(Data excerpts)
****************

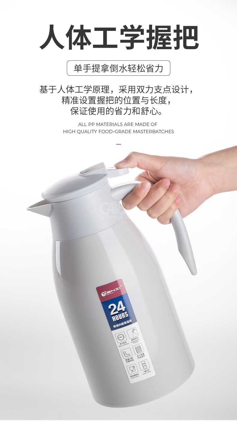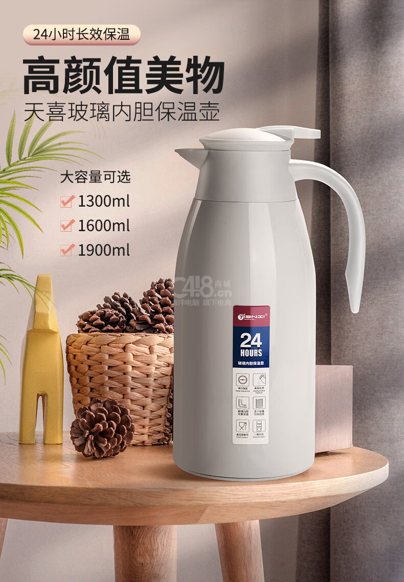 “TIANXI/天喜”TBB142-1900 保溫壺 單個裝(絲綢灰1.9L玻璃內(nèi)膽家用大容量暖水壺辦公熱水瓶開水暖瓶)
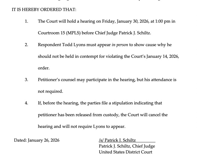 For those of you who haven’t yet guessed (or looked at the signature on the screenshot), it’s none other than Judge Schiltz! I told you about Judge Schiltz yesterday when I explained that the administration had attempted to go around CHIEF District Court Judge Schiltz to get the 8th Circuit to issue a Writ of Mandamus or to issue an arrest warrant for journalist Don Lemon. Not only that, but they had *filed their request under seal*, effectively shutting out Judge Schiltz from being able to read the very thing about which he needed to render an opinion!
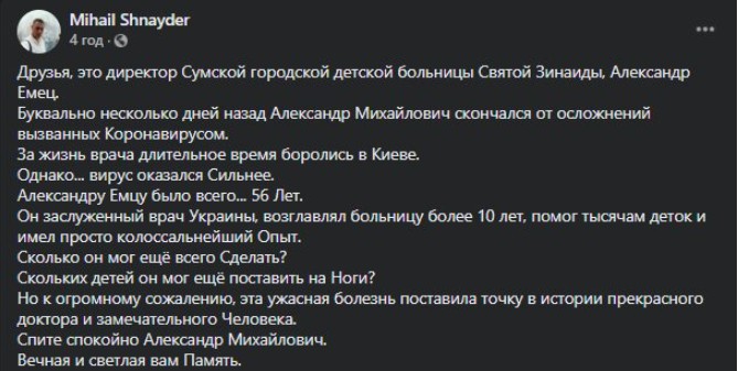За його словами, причиною смерті медика стали ускладнення, які були викликані “китайським” вірусом.”Друзі, це директор Сумської міської дитячої лікарні Святої Зінаїди, Олександр Ємець.Буквально кілька днів тому Олександр Михайлович помер від ускладнень викликаних коронавірусом. За життя лікаря тривалий час боролися в Києві”, – йдеться в повідомленні.
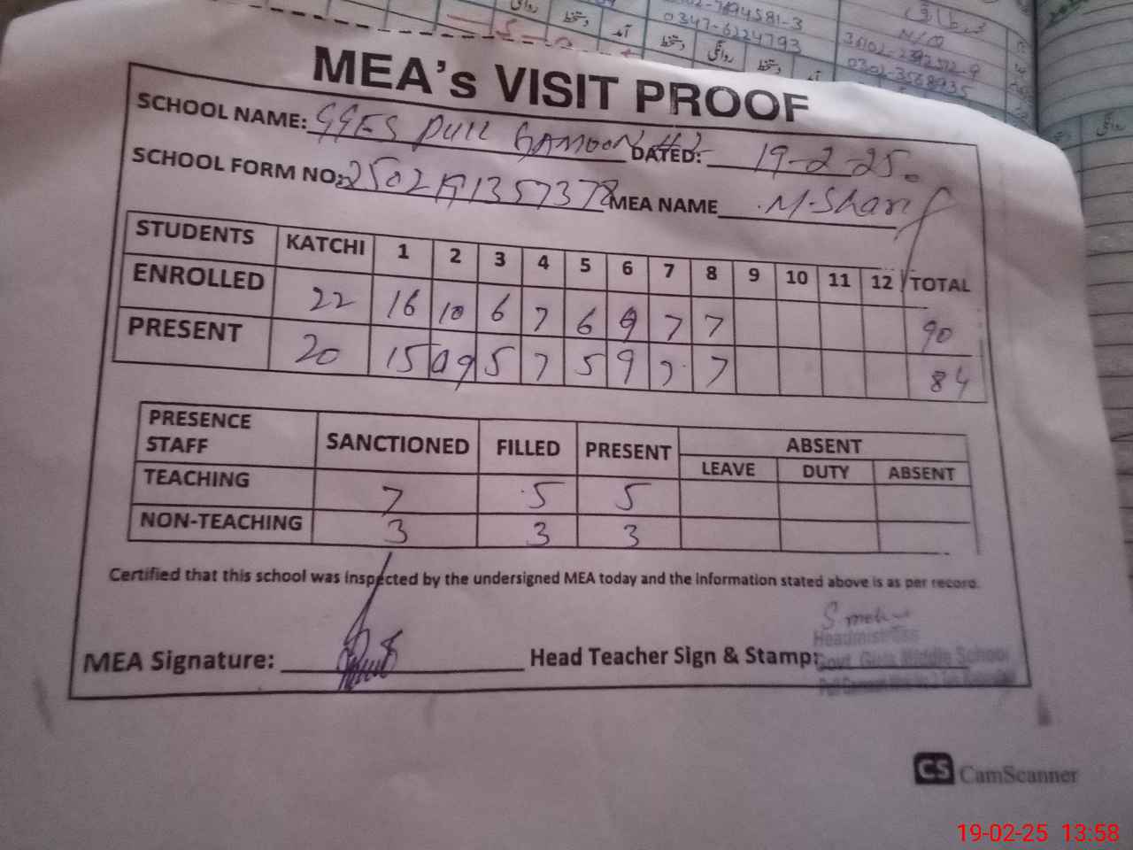 | EMIS Code: 36410633 | Name of School: GGES PUL GAMOON WALI NO. 2 | |||
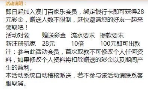活动详情:新用户注册绑卡完善资料,找客服申请28彩金最低100提现具体
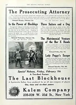 ![]() Advertising published by The Moving Picture World, Vol 15, p 338. | |
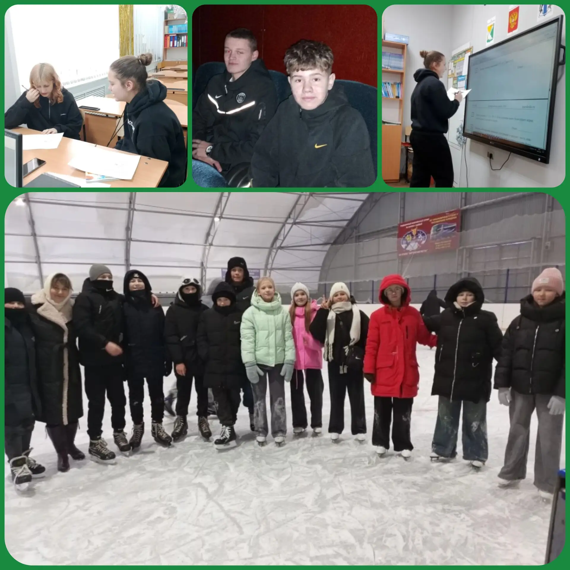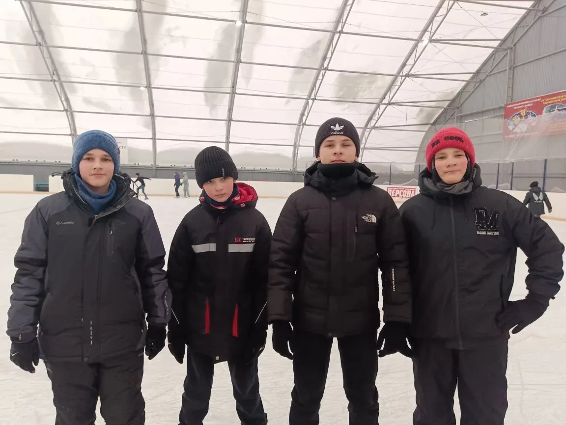 А учащиеся 8в, 7в и 6б классов ловко скользят по льду на катке 🧗🏼❄️ Отличная погода для активного отдыха!
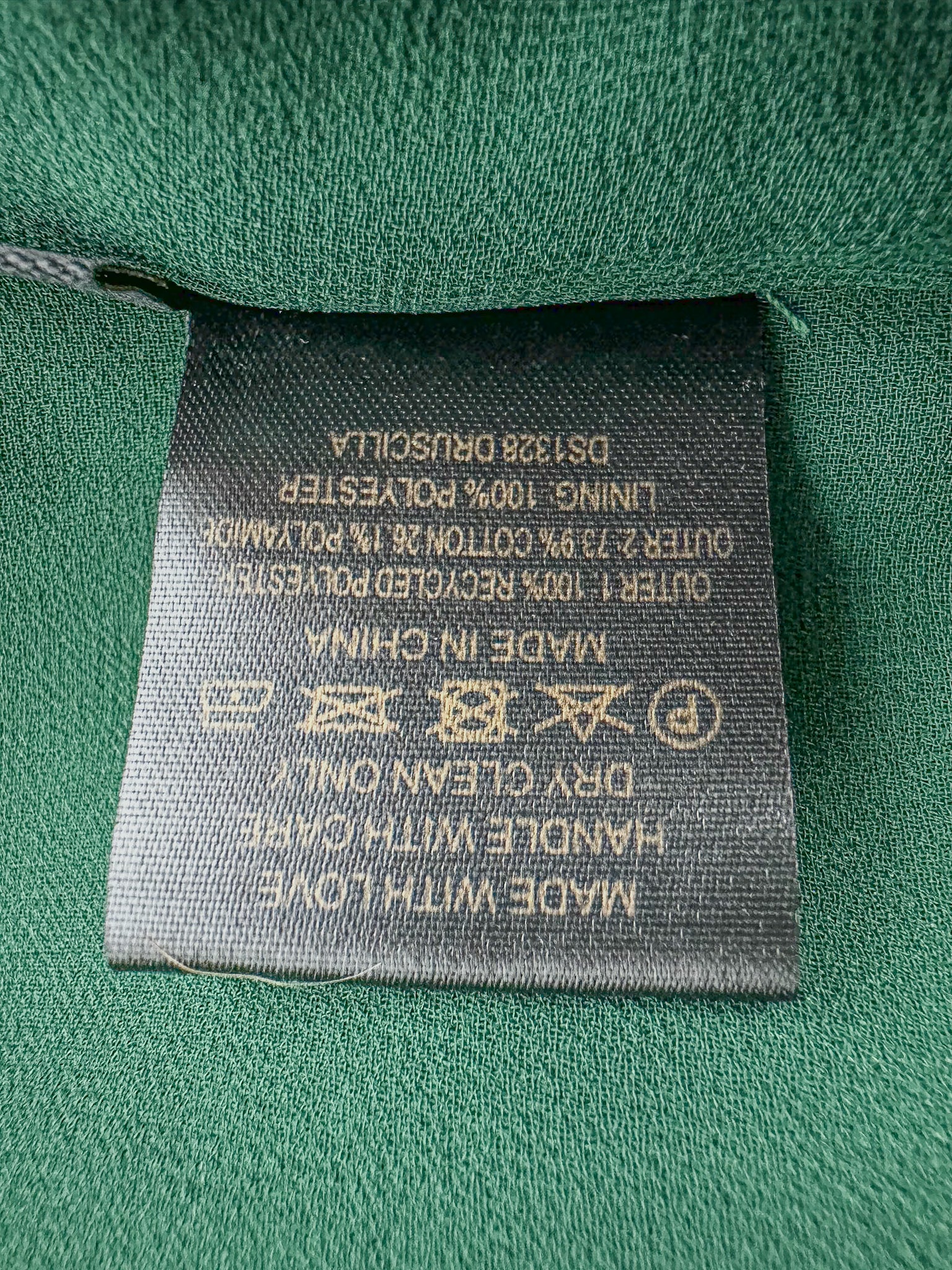 De La Vali Green Satin Lace Detail Open Front Mandarin Collar Mini Dress

****************

→ **Task requirements**
Transcribe exactly the span of lines from the line holding "WALI NO. 2 | |||" through the last line above, both included. Pictures stay out.

→ **Reply**
 | EMIS Code: 36410633 | Name of School: GGES PUL GAMOON WALI NO. 2 | |||
活动详情:新用户注册绑卡完善资料,找客服申请28彩金最低100提现具体
 ![]() Advertising published by The Moving Picture World, Vol 15, p 338. | |
 А учащиеся 8в, 7в и 6б классов ловко скользят по льду на катке 🧗🏼❄️ Отличная погода для активного отдыха!
 De La Vali Green Satin Lace Detail Open Front Mandarin Collar Mini Dress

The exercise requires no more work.